- Awards: FMedSci
- Scientific career
- Institutions: Queen Mary University of London; University of York; Hull York Medical School; Kingston University; University of Leicester; University of Leeds;
- Website: www.qmul.ac.uk/iphs/people/staff/-sheldon-trevor-a--iphs-.html

= Trevor Sheldon =

British academic

Trevor A. Sheldon is a British academic and University administrator who is a former Deputy Vice-Chancellor of the University of York and Dean of Hull York Medical School. He has held academic posts at the University of York, the University of Leeds, the University of Leicester and Kingston University.

==Education==
Trevor Sheldon studied medicine at St Mary's Hospital Medical School, London, (including a one year fellowship in community medicine at Albert Einstein College of Medicine, New York). He was awarded a Master of Science degree from the University of London in Economics, an MSc in Medical Statistics followed by a DSc from the Faculty of Medicine, University of Leicester.

==Career==
Trevor Sheldon joined Queen Mary University of London as Professor of Health Services Research in July 2020. Between October 2007 and April 2012 he was the Deputy Vice-Chancellor of the University of York. He was Professor of Health Services Research and Policy in the Department of Health Sciences at the University of York and Research Mentor at the Bradford Institute of Health Research, Bradford Royal Infirmary. He also chairs the board of the York Health Economics Consortium. He was the Dean of the Hull York Medical School from 2013-2017.

==Research==
His publications and research specialities include the effectiveness and cost-effectiveness of healthcare and public health interventions, including health care quality and the measurement and management of health care performance; policy development and evaluation; resource allocation in health care and the public sector; research methods including evidence synthesis and experimental evaluation of complex interventions: https://orcid.org/0000-0002-7479-5913

He joined the University of York in 1992, first as Senior Research Fellow in the Centre for Health Economics; a Professor from 1996, he became founding Director of the National Health Service (NHS) Centre for Reviews and Dissemination.
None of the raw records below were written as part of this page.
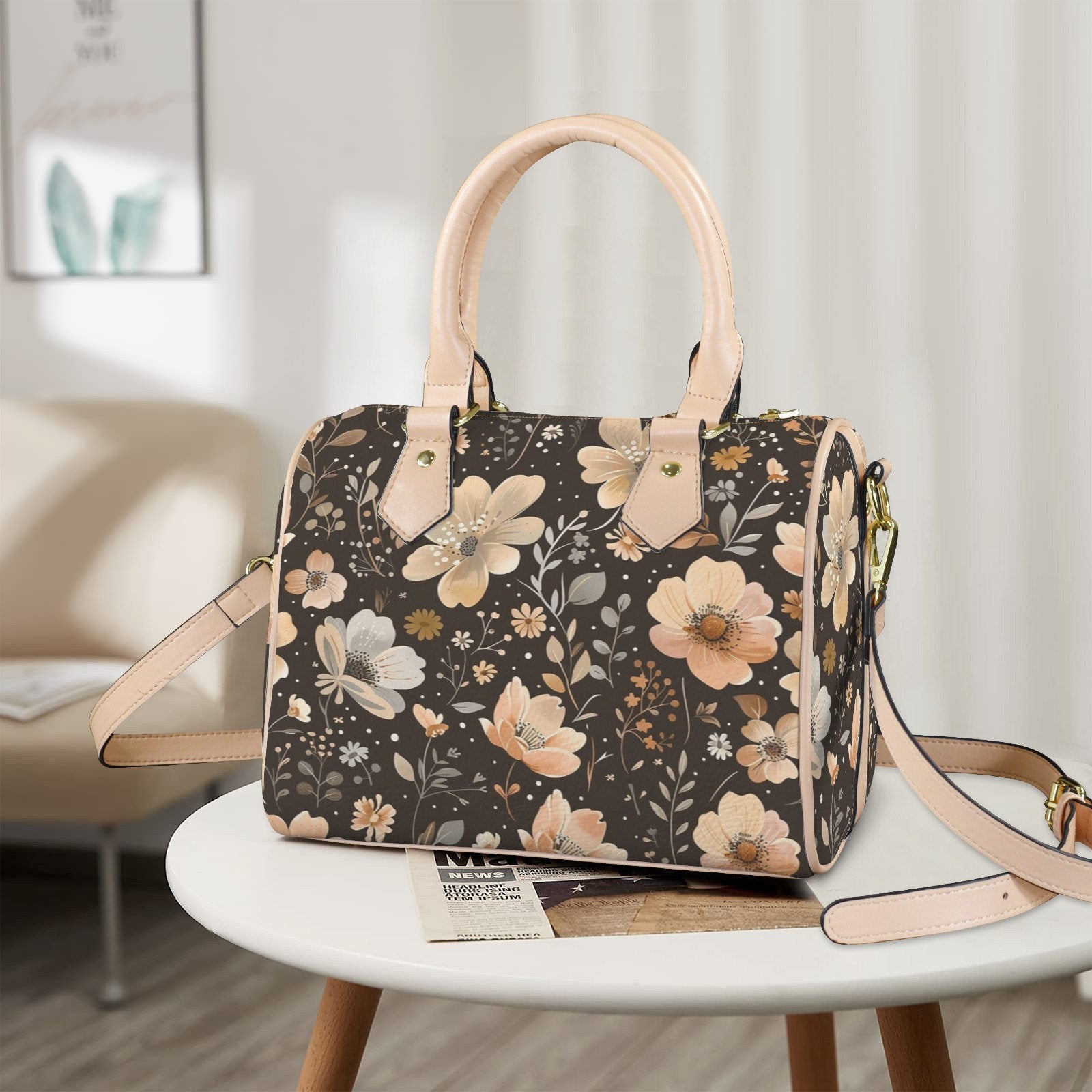 Blossom Brownie Leather Boston Handbag. Waterproof PU Leather Handbag, Top Handle Vegan Leather, Crossbody, Shoulder bag.
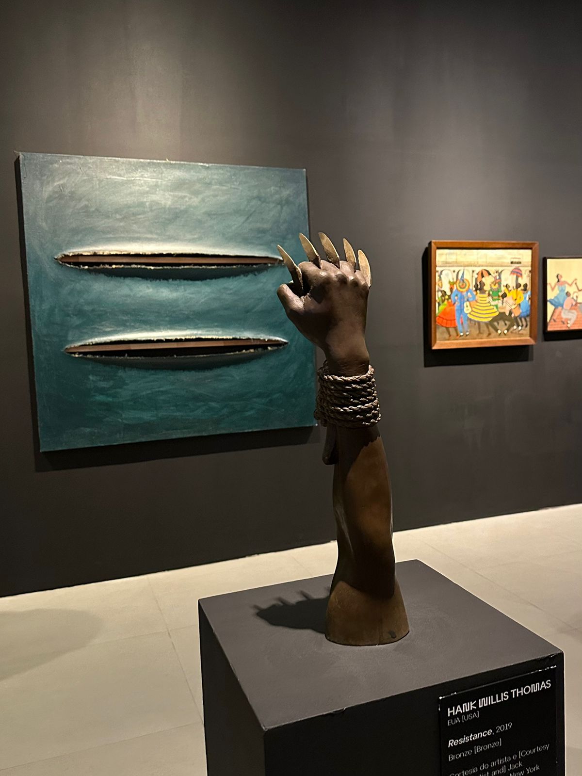 A amostra está linda, forte, emocionante, aberta ao público a partir de hoje (26/10) até 1° de fevereiro de 2026. É uma amostra perfeita, rica, transdisciplinar, emocionante, atemporal, panafricanista. Pode-se perceber um diálogo sublime entre a diáspora africana que une negros americanos e brasileiros através da arte. Somos irmãos, primos, parentes próximos, um cordão umbilical que não se rompeu e nunca será, pois saímos do ventre: a mãe África. Visite o Muncab, um museu com ênfase na valorização dos aspectos da cultura de matriz africana, onde é o destaque para a cultura brasileira e a sua inserção no contexto afrodiaspórico. O museu surgiu como resultado de uma história de ratificação do povo negro, onde quem chega tem contato com trabalhos que falam de identidade negra da África nas suas mais diversas regiões, não somente a questão do tráfico negreiro… mas também da cultura e arte dos saberes, dos griôs, das músicas, os aspectos positivos também. Para além disso, se aplica aos aspectos da culinária, religiosidade e manifestações culturais que são próximas. É uma exuberância de talentos, a nossa cultura do samba, maracatu da congada e de todos os outros movimentos que têm uma influência negra.
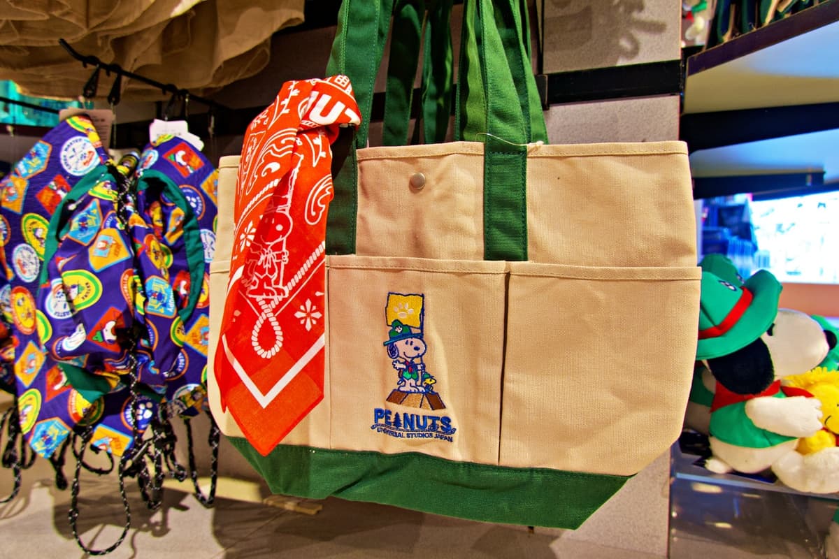 「ビーグル・スカウト」のスヌーピーがキュートな「バンダナ付きトートバッグ」は、キャンバス生地に、肩掛けしやすい長さの緑色のハンドルが使い勝手抜群。付属のバンダナは取り外して使え、首や手首に巻いたりヘアアクセにしたりと、スヌーピーの衣装とリンクコーデも楽しめます。

In 1999 he became Head of the University's Department of Health Sciences and deputy Chair of the Commissioning Board for Service Delivery and Organisation of the NHS research programme. He was appointed Pro-Vice-Chancellor in 2004 with the portfolio of Teaching, Learning and Information.

==Awards and honours==
Sheldon was elected Fellow (FMedSci) of the Academy of Medical Sciences, United Kingdom in 2000, a member of the Society for Social Medicine and the US Academy Health.